Source data
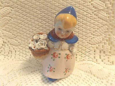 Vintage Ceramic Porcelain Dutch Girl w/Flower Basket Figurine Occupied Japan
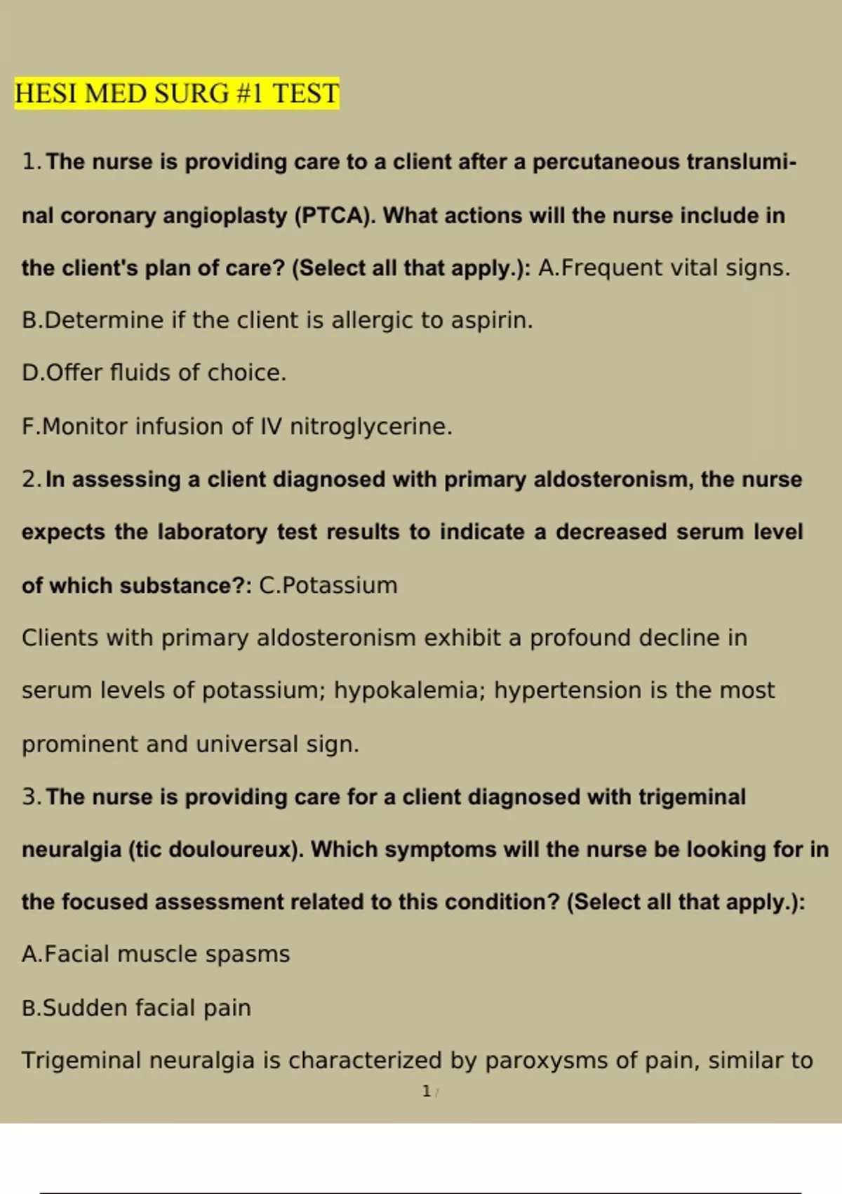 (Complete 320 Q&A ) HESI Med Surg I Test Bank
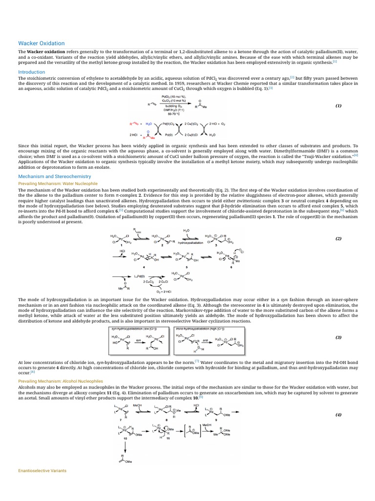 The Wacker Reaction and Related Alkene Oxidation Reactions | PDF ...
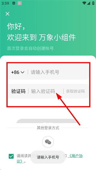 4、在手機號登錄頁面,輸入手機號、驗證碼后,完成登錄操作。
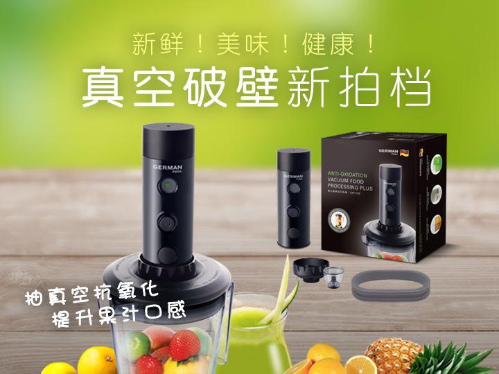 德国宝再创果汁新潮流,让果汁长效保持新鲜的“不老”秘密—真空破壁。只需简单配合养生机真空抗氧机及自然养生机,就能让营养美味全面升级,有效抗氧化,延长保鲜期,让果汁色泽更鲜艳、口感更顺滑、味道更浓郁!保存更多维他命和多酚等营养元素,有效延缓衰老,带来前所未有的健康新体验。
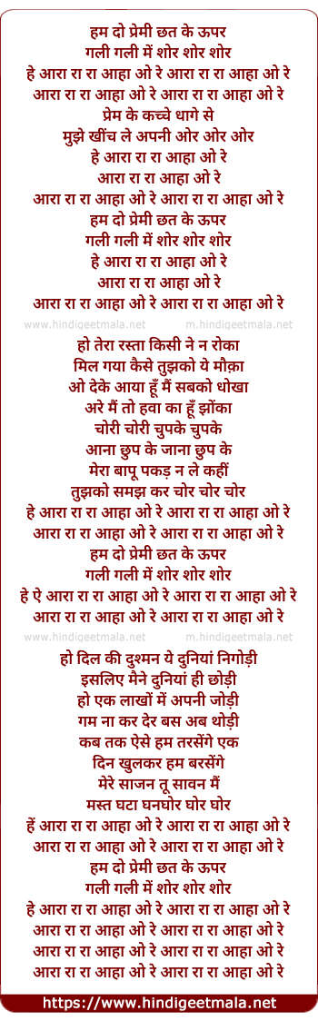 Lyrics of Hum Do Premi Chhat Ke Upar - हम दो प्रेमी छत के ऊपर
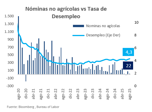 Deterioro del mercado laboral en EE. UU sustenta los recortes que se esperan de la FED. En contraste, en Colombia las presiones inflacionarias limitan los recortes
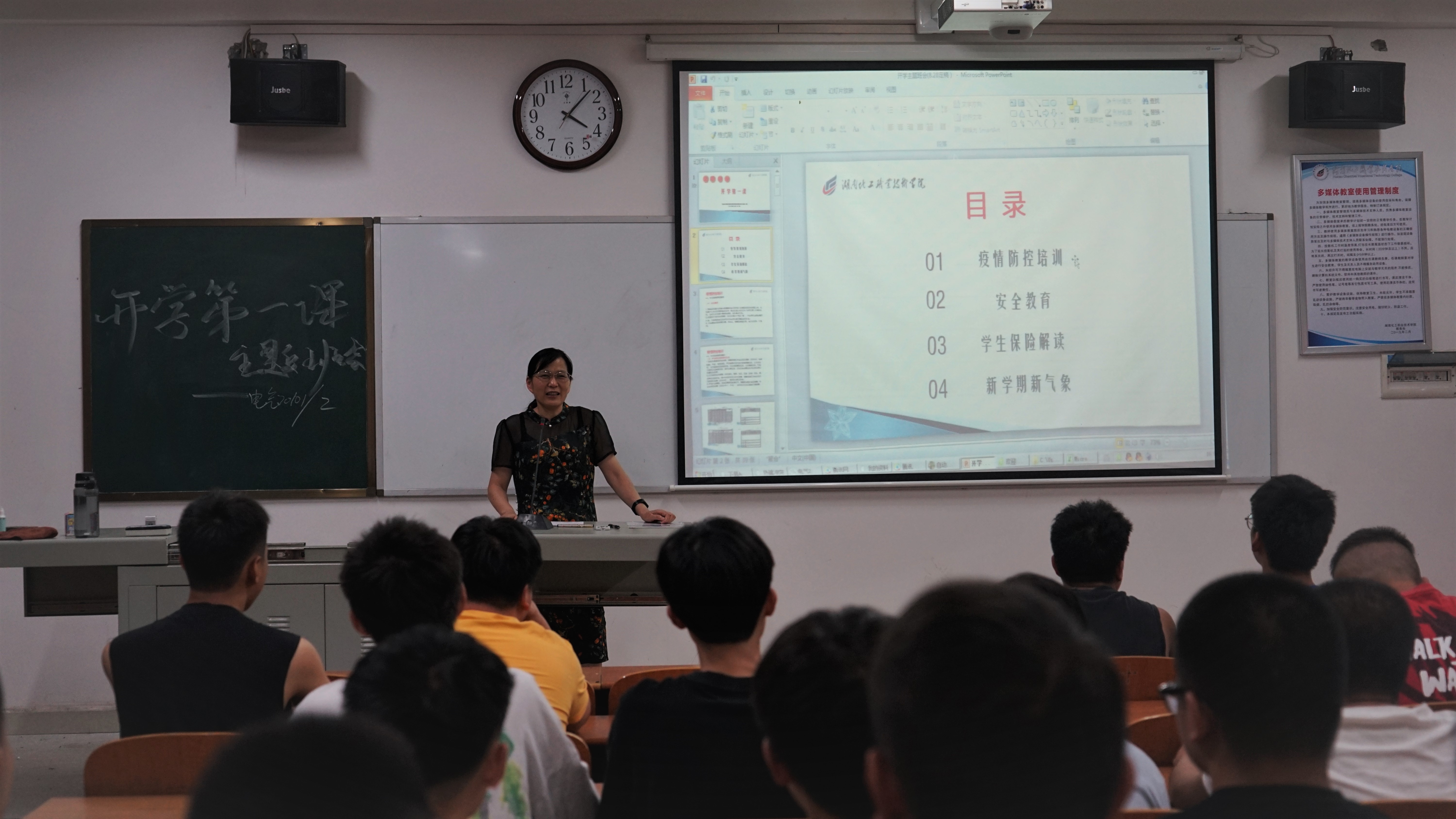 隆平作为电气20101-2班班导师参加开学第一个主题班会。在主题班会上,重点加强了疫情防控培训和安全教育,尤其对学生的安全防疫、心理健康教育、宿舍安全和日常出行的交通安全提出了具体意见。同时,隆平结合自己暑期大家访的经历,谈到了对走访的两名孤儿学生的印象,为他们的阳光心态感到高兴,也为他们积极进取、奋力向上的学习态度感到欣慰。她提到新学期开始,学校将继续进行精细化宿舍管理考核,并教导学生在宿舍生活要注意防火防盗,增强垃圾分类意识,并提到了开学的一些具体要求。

What you will do -
Repeat the records in full and exactly, leaving every picture out.

Solution for this exercise -
 Vintage Ceramic Porcelain Dutch Girl w/Flower Basket Figurine Occupied Japan
 (Complete 320 Q&A ) HESI Med Surg I Test Bank
 The Wacker Reaction and Related Alkene Oxidation Reactions | PDF ...
 4、在手機號登錄頁面,輸入手機號、驗證碼后,完成登錄操作。
 德国宝再创果汁新潮流,让果汁长效保持新鲜的“不老”秘密—真空破壁。只需简单配合养生机真空抗氧机及自然养生机,就能让营养美味全面升级,有效抗氧化,延长保鲜期,让果汁色泽更鲜艳、口感更顺滑、味道更浓郁!保存更多维他命和多酚等营养元素,有效延缓衰老,带来前所未有的健康新体验。
 Lyrics of Hum Do Premi Chhat Ke Upar - हम दो प्रेमी छत के ऊपर
 Deterioro del mercado laboral en EE. UU sustenta los recortes que se esperan de la FED. En contraste, en Colombia las presiones inflacionarias limitan los recortes
 隆平作为电气20101-2班班导师参加开学第一个主题班会。在主题班会上,重点加强了疫情防控培训和安全教育,尤其对学生的安全防疫、心理健康教育、宿舍安全和日常出行的交通安全提出了具体意见。同时,隆平结合自己暑期大家访的经历,谈到了对走访的两名孤儿学生的印象,为他们的阳光心态感到高兴,也为他们积极进取、奋力向上的学习态度感到欣慰。她提到新学期开始,学校将继续进行精细化宿舍管理考核,并教导学生在宿舍生活要注意防火防盗,增强垃圾分类意识,并提到了开学的一些具体要求。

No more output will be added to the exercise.